» RECORDS PROVIDED:
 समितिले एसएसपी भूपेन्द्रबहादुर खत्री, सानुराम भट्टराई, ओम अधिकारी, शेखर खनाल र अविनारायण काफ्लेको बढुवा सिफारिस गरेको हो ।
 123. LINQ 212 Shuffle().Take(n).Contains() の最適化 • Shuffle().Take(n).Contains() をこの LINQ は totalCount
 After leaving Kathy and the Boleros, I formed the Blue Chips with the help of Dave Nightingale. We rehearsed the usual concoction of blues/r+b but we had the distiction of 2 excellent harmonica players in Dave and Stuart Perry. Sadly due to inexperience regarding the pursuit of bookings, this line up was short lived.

==

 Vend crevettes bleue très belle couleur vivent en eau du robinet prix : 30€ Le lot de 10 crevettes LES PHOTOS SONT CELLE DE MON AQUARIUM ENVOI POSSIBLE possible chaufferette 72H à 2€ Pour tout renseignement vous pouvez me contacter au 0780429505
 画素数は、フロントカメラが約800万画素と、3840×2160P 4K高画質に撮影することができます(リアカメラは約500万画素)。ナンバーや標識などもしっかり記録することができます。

» ASSIGNED TASK:
Reproduce exactly the stretch of the material above that starts at the line with "समितिले एसएसपी भूपेन्द्रबहादुर" and ends at the line with "After leaving Kathy", both included, and nothing else.

» WRITTEN ANSWER:
 समितिले एसएसपी भूपेन्द्रबहादुर खत्री, सानुराम भट्टराई, ओम अधिकारी, शेखर खनाल र अविनारायण काफ्लेको बढुवा सिफारिस गरेको हो ।
 123. LINQ 212 Shuffle().Take(n).Contains() の最適化 • Shuffle().Take(n).Contains() をこの LINQ は totalCount
 After leaving Kathy and the Boleros, I formed the Blue Chips with the help of Dave Nightingale. We rehearsed the usual concoction of blues/r+b but we had the distiction of 2 excellent harmonica players in Dave and Stuart Perry. Sadly due to inexperience regarding the pursuit of bookings, this line up was short lived.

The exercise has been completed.